PCOS, as one of the diseases that is associated with metabolic syndrome, also may have changes in inflammation factors such as C3,CRP, interleukin-6, tumor necrosis factor-a, and lipid profiles (35, 36). We hypothesize that the PCOS state, as a low-grade chronic inflammatory state, may stimulate the immune response, increasing inflammatory factors such as CRP.

In Kaya c, Wu Y and Guzelmeric K studies were revealed that serum levels of CRP in PCOS were significantly elevated compared with age- and BMI-matched controls correlated with BMI, total cholesterol, triglyceride, low-density lipoprotein cholesterol and insulin levels and HOMA-IR . There was no correlation of CRP with parameters of PCOS such as testosterone and LH/FSH ratio (35-37).

Another study showed that in PCOS women, plasma levels of CRP were not increased when compared with age and BMI matched controls.
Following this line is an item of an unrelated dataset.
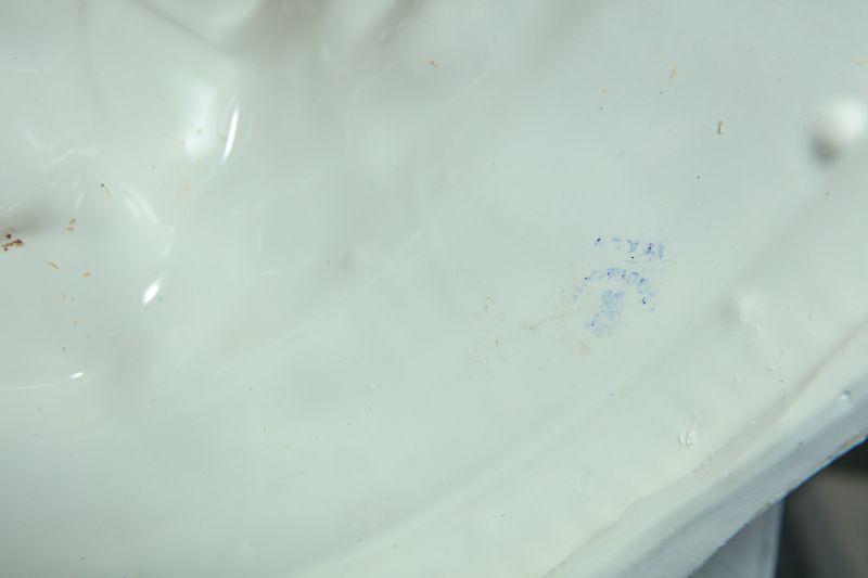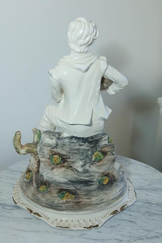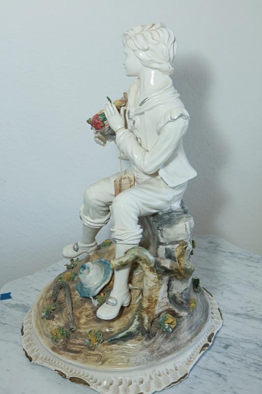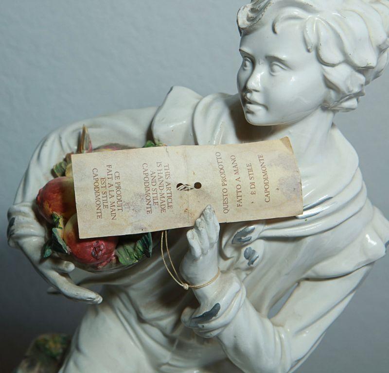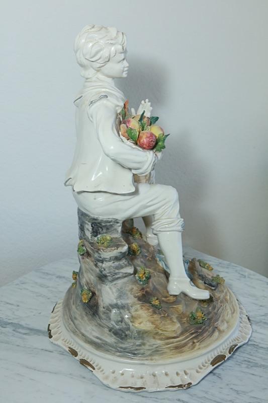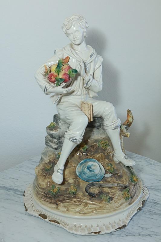 Capodimonte statue figurine of a boy sitting on a rock. The boy is holding a basket of vegetables. Interesting piece. The boy is in a white finish while the basket of food, the rock/base he is sitting on has been done in color. Faint stamp on the bottom and hang tag attached. Good condition. Measures about 22" tall.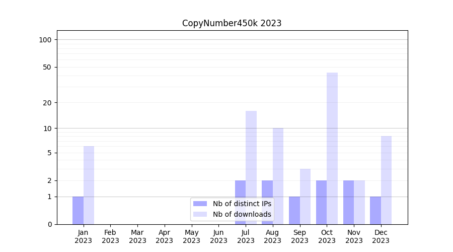 Number of downloads for software package CopyNumber450k, year by year, from 2025 back to 2014 (years with no downloads are omitted):

BMI was, however, the parameter most strongly related to CRP in PCOS (38).

The results of this study showed that the difference between the mean CRP of the two groups was not significant. Before adjusting for the age and BMI, CRP was correlated with the cholesterol, LDL and triglyceride, notably in the PCOS group. However, after the adjustment has been made for the age and BMI, the correlation was attenuated and CRP was not associated with any biochemical marker that was evaluated in this study. It seems that the biochemical changes are associated with the obesity. Thus, if the BMI is reduced, it may normalize the CRP and biochemical changes.
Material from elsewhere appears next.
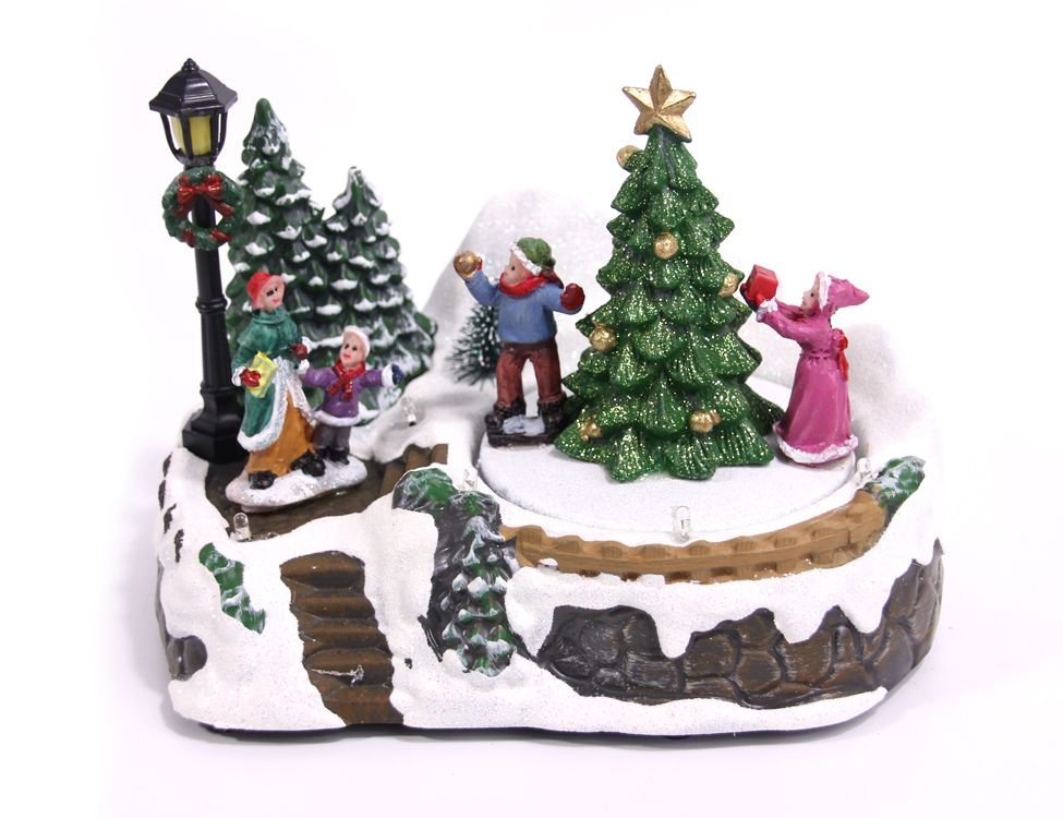 Светящаяся электромеханическая миниатюра ЁЛКА, с динамикой и LED-огнями, 12x17x14 см, батарейки, Kaemingk (Lumineo)

The impact of the lifestyle factors, in particular psychological stress, physical activity, nutrition, non smoking, normal blood pressure, metformin and the statine use has been demonstrated on CRP levels,(39-41) due to the exclusion criteria and the natural conditions of the patients in both groups. Thus, perhaps, the lack of CRP difference between the two groups could be attributed to these factors. Therefore, more detailed studies in the two groups are recommended for further investigation. It is apparent that the nutrition plays a critical role in the whole-body inflammatory response. In fact, overconsumption of highly processed foods and lack of the fruit and vegetable intake are common in North America and equivalent the increase in obesity and other inflammatory-associated diseases. Therefore lifestyle intervention is optimal for improving the body composition parameters (42, 43).

Also the results of this study showed that the obesity and metabolic alterations rather than CRP, are associated with the PCOS. The relationship between the CRP and the total homocysteine (Hcy), folate, and vitamin B12 levels is revealed as an early marker of the generalized atherosclerosis (44). Thus, it seems that to evaluate the CRP levels in the PCOS Iranian patients, a closer Look with measuring the mentioned factors is essential.